Last Ride of the Wakeful

Starring: HMS Wakeful (H88) - https://en.wikipedia.org/wiki/HMS_Wakeful_(H88)

 

Wakeful looked at her watch and rubbed her weary eyes.  As she breathed in the cool English air, she listened to her crew loading supplies onto her deck as she stared at the French coast.  Her orders: rescue as many English soldiers as possible while fighting off the hordes of Morganas attempting to stop the evacuation. 

“Wakeful,” her captain – a younger man dressed in an unblemished uniform.  “We’re ready to set off.”

She, not that much of a talker, nodded silently as her crew powered her up and moved towards the French coast.

**

As she sailed toward the fire and fury, Wakeful looked to her side and saw other ships – destroyers, an anti-aircraft cruiser, and some auxiliary vessels.  She even saw Belles at the head of some vessels.

 The destroyer walked on her deck to gaze in the eyes of her sailors – young, scared, but determined to save their countrymen.  The destroyer herself felt her age as she took every step.  After all, she was built long-ago and was only mobilized from reserve status due to this emergency.  However, the warship was determined to do her job and do it well.

**

In a few hours, the coast of France before Wakeful and her sailors began to bring in tired, ragged soldiers onto her decks.

“Ensure that they’re secured,” she informed her captain as evacuees clambered into every nook and cranny.  “We’ll take on as many as we can.”

As she began to set off, the destroyer saw bombers in the air heading for her.  While they looked like those used by their enemies – the hated Lufwaffe, these planes looked more skeletal and spectral – almost wraith-like in the way they moved and sound.  While the soldiers ducked and scrambled for cover, Wakeful and her soldiers fired whatever they got at the villains.

“Splashed two!” a sailor proclaimed as two of the bombers crashed into the beach.

Cheers went out, but they were soon subdued once another ship – the Belle-manned destroyer Havant – exploded in a blast of fire.  Without looking, Wakeful cringed as she heard the screams of man and Belle mixed together with the blaze. 

“We’re leaving!” she cried out as the Wakeful quickly sped out of the area, leaving behind the carnage for a small while. 

**

It was night when the Wakeful and her precious cargo made it to the English coast.  At the docks, aid workers moved quickly to get the troops and wounded off the destroyer. 
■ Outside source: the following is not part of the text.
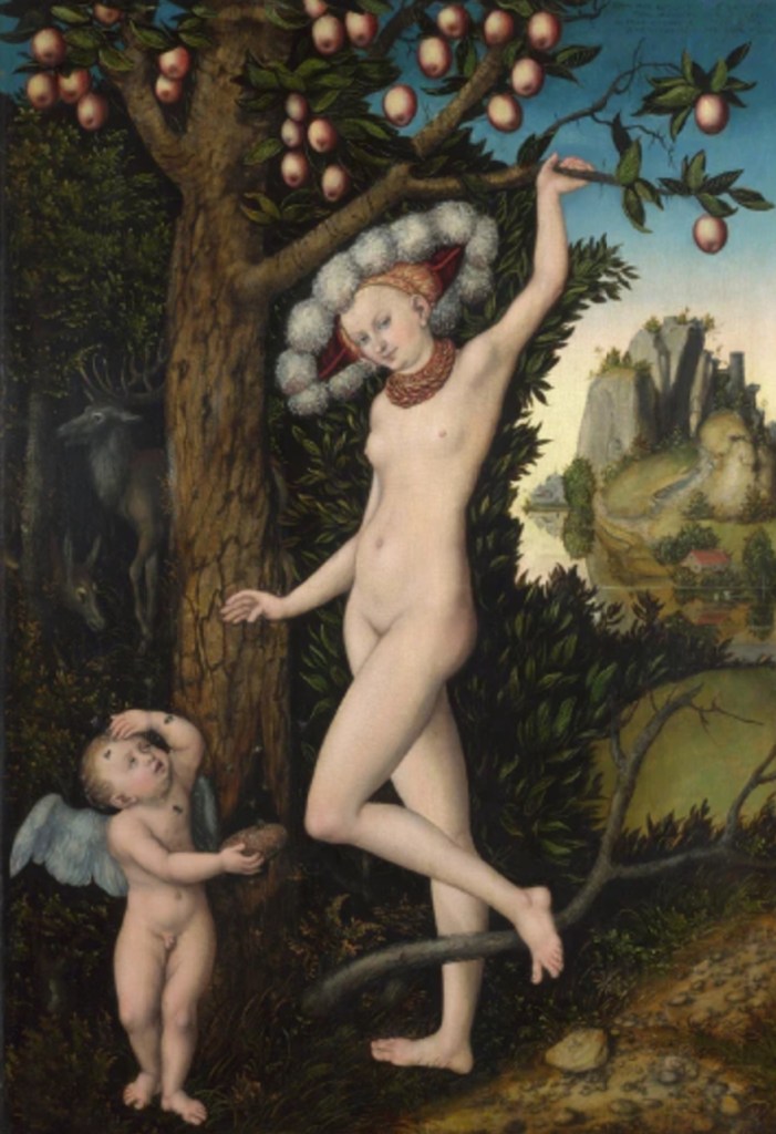 No período do Renascimento, com o fim da moral religiosa da Idade Média, o erotismo, a sensualidade e a beleza passam a ser mais retratados por artistas, que resgatam os princípios da Antiguidade Clássica, como, por exemplo, a completa nudez das figuras femininas, sem ter necessariamente um caráter sexual. Nesse momento, Vênus é representada anatomicamente mais avançada e idealizada que as figuras anteriores. A partir daí, tem-se um retorno a Vênus Celestialis, transformando-a em um modelo de excelência espiritual, não apenas um objeto de desejo físico (JULIÁN, 1992). A consolidação desses traços de Vênus acontecerá na famosa obra de Sandro Botticelli, O Nascimento de Vênus. No entanto, as pinturas referentes à deusa do amor não se limitam ao Renascimento italiano. Muitas obras foram feitas utilizando os mesmos conceitos: uma beleza sofisticada, com um erotismo sutil, representado pela exposição de sua nudez. Uma dessas obras é a de Lucas Cranach, figura importante do renascimento alemão, que retrata Cupido reclamando com Vênus por abelhas o terem picado na tentativa de roubar-lhes o mel (fig. 01).

“Get ready to set out again,” she said as her crew nodded silently.

However, one sailor – wide-eyed with panic and covered with smoke – stumbled to her with terror in his voice.

“Are you mad?!” he cried out.  “We should leave this to better ships!”

Without thinking, the warship slapped the man, sending him to the ground.

“If you can’t work, you have no place on my ship,” the destroyer said through clenched teeth.  “Get him off my decks.”

As the sailor was taken off, her captain attempted to confront Wakeful, but she brushed him aside.

“Just get ready to leave,” she said.  “We can’t afford to show weakness.”

**

On the next trip, Wakeful didn’t go on her deck, instead staying in her private cabin.  While she always prided herself on her stoicism, grit, and alertness in the face of danger, she suddenly felt nervous and sick to her stomach. 

Was it the fact that she saw a sister die?  Was it the attack by the Morgana planes?  Was it the terrified sailor who confronted her after the ordeal? 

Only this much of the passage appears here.